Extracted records
——————

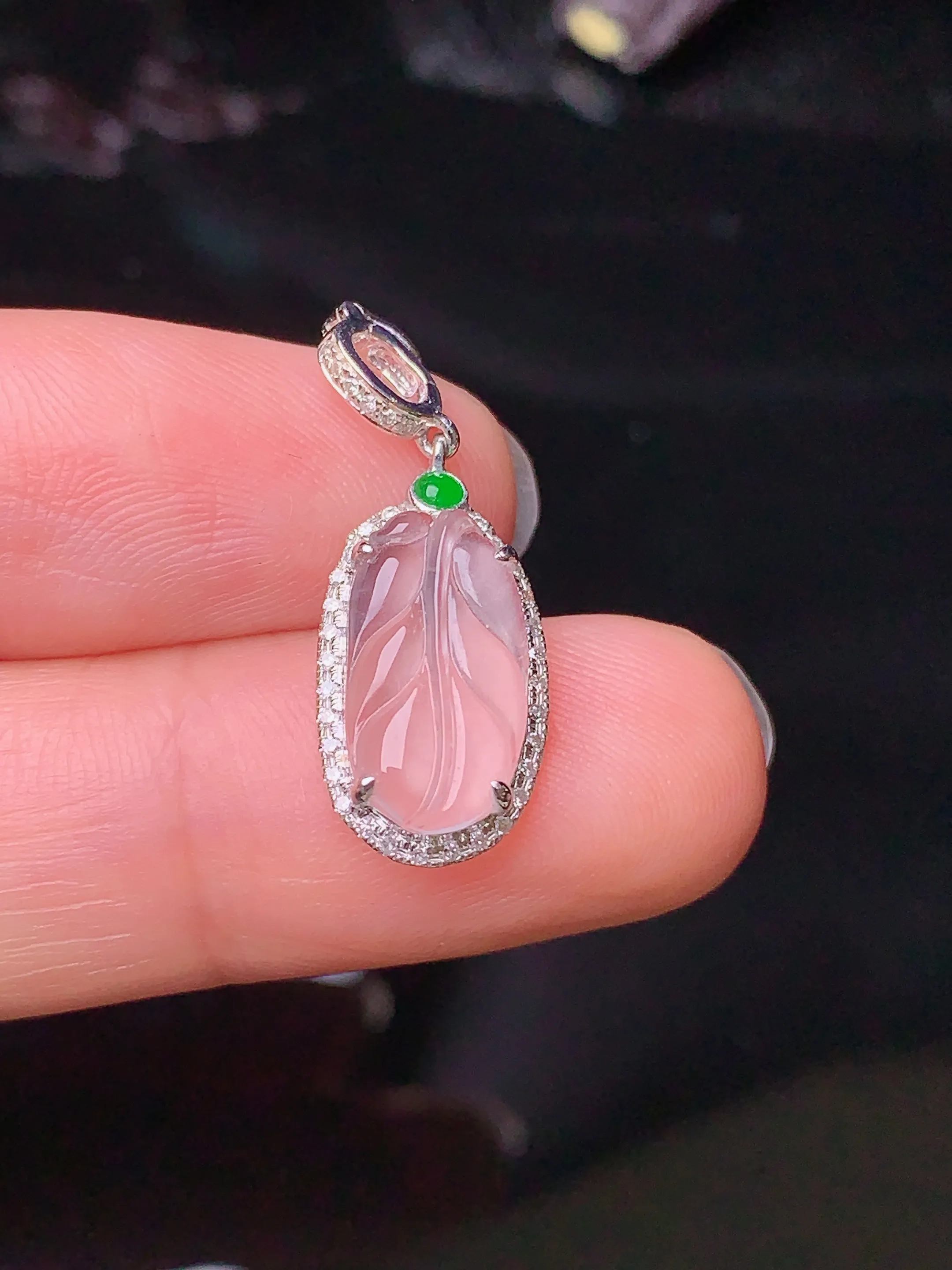 18k金钻镶嵌冰种树叶吊坠 玉质细腻 色泽艳丽 整体尺寸25.2*9.5*4
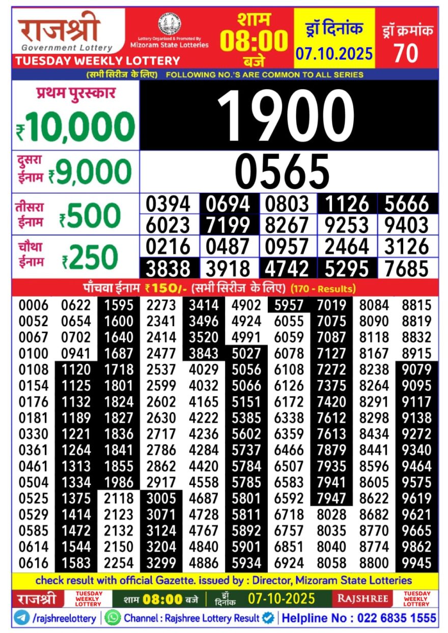 Rajshree Weekly Lottery 8pm Result 07.10.2025
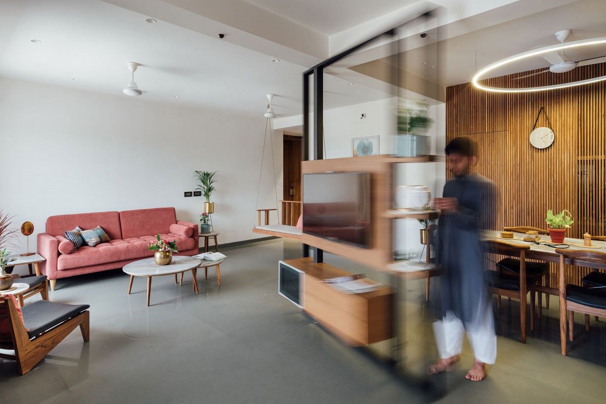 An open living area, dining section & family lounge function as one mammoth spatial volume in which the family members can gather & entertain in. Blush tones in the form of high-end upholstery grace the living room & create contrast against the cool grey of the Kota stone flooring across the house. The modern statement swing is just that ideal piece of furniture that is characteristic of Indian homes & makes the space interactive.
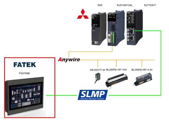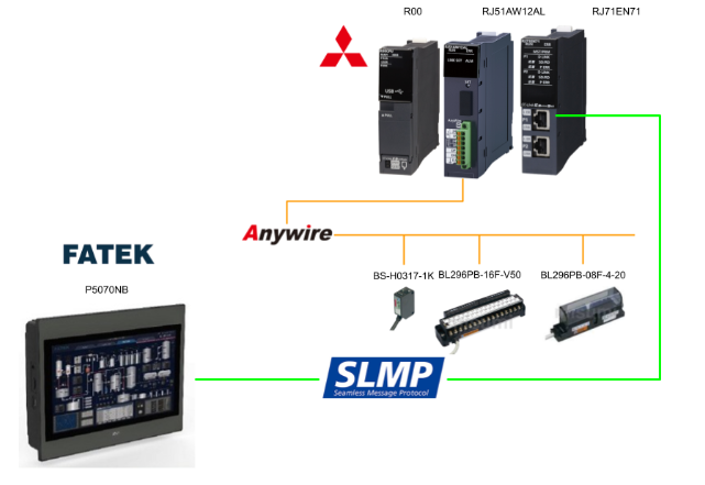 こちらは新しいシリーズでFATEKのP5070NB HMIを使用し様々な記事を展開していきます。第3話では三菱電機のRJ71EN71と通信し、簡単な画面を作成します。今回の記事では下記の部品を紹介します:
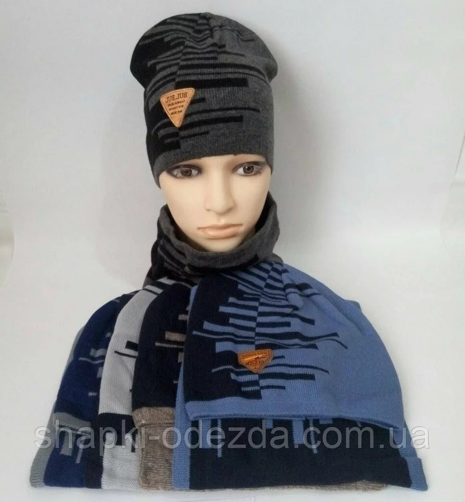Шапка вязаная двойная + хомут на мальчика р 52-54
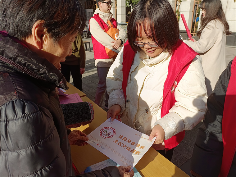活动中,志愿者首先向居民们讲解什么是移风易俗和推进移风易俗的意义,通过分享身边人身边事的先进典型和事迹,引导居民们树立正确的价值观和生活方式。同时,他们还前往居民小区、临街商铺等地,向居民们发放了宣传资料,围绕“喜事新办、崇尚节俭、丧事简办、摒弃陋习、健康生活、尚俭戒奢”等内容讲解移风易俗知识,呼吁大家从身边的点滴小事做起,抵制婚丧嫁娶大操大办、高额彩礼,争做文明新风的积极倡导者和自觉践行者。
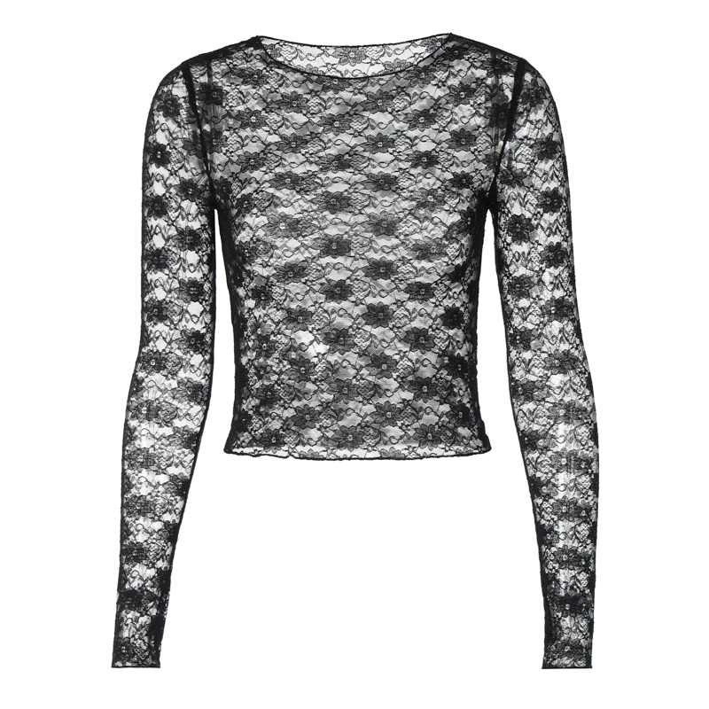 shemoda semi-transparent long-sleeved T-shirt worn with slim fit mesh
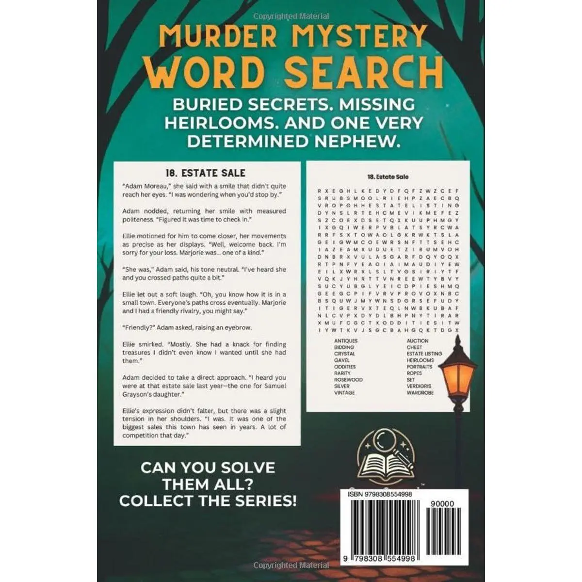 This isn’t just a word search book—it’s a full-fledged cozy mystery, told with a wink and packed with atmosphere. You’ll find 65 themed word search puzzles woven between the chapters, each one steeped in the world of antiques, small-town quirks, and whispered secrets. Think: ticking clocks, creaky floors, and one neighbor who remembers a little too much.
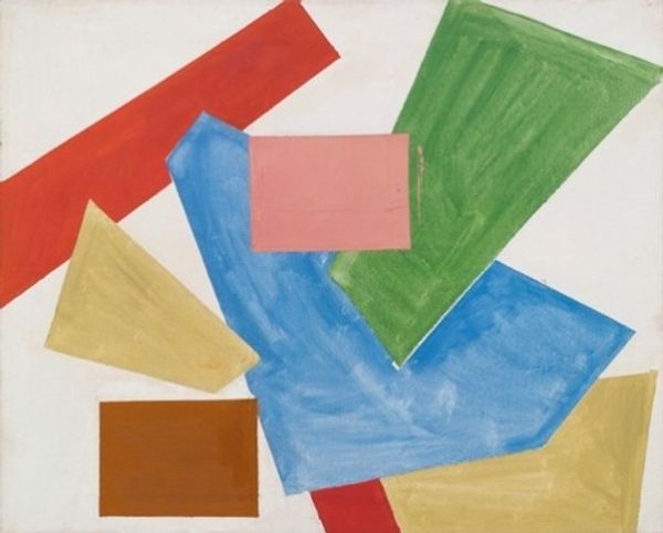 Serge Poliakoff made this painting, Composition multicolore à dominante bleue, with oil on canvas. The layering of colors creates a real sense of depth. See how the blues, yellows, reds, and greens are built up, one on top of the other? The way he lets some of the underlayers peek through really activates the surface. It’s almost sculptural, right? Looking closely, you can see the texture of the paint itself. It's not smooth or blended; you can see the individual strokes and the way the colors interact. Especially where the crimson and green intersect at the bottom, those areas give a special resonance to the piece as a whole. You can almost feel Poliakoff working and reworking the surface, adding and subtracting until he achieved this particular balance. Poliakoff’s paintings of this time remind me of the later work of someone like Sean Scully, but with a warmer, more intimate palette. Both artists invite us to get lost in the process. It's a conversation across time about form, color, and the sheer joy of painting.
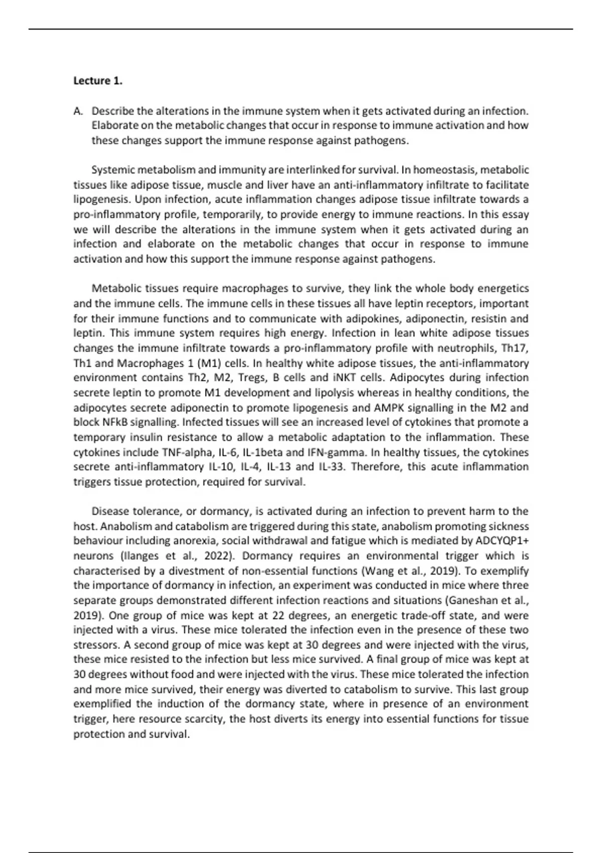 This essay covers all the lecture content of lecture 1 in Immunology of Human Disease. It explores Systemic immunometabolism, in health, disease and obesity. It includes additional reading on the subject. The first question is: Describe the alterations in the immune system when it gets activated during an infection. Elaborate on the metabolic changes that occur in response to immune activation and how these changes support the immune response against pathogens.
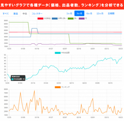 Amazon.co.jpで販売されている商品のランキングや販売個数、出品者数、時系列での価格の推移はどうなっているのかといった分析結果を必要なものはグラフ化して瞬時に表示します。

——————

**AIM OF THE EXERCISE:**
Please set down exactly the lines from the first line of the data above through the line with "Шапка вязаная двойная", both included, leaving out the pictures.

**RESULT OF THIS TASK:**
 18k金钻镶嵌冰种树叶吊坠 玉质细腻 色泽艳丽 整体尺寸25.2*9.5*4
 Rajshree Weekly Lottery 8pm Result 07.10.2025
 An open living area, dining section & family lounge function as one mammoth spatial volume in which the family members can gather & entertain in. Blush tones in the form of high-end upholstery grace the living room & create contrast against the cool grey of the Kota stone flooring across the house. The modern statement swing is just that ideal piece of furniture that is characteristic of Indian homes & makes the space interactive.
 こちらは新しいシリーズでFATEKのP5070NB HMIを使用し様々な記事を展開していきます。第3話では三菱電機のRJ71EN71と通信し、簡単な画面を作成します。今回の記事では下記の部品を紹介します:
Шапка вязаная двойная + хомут на мальчика р 52-54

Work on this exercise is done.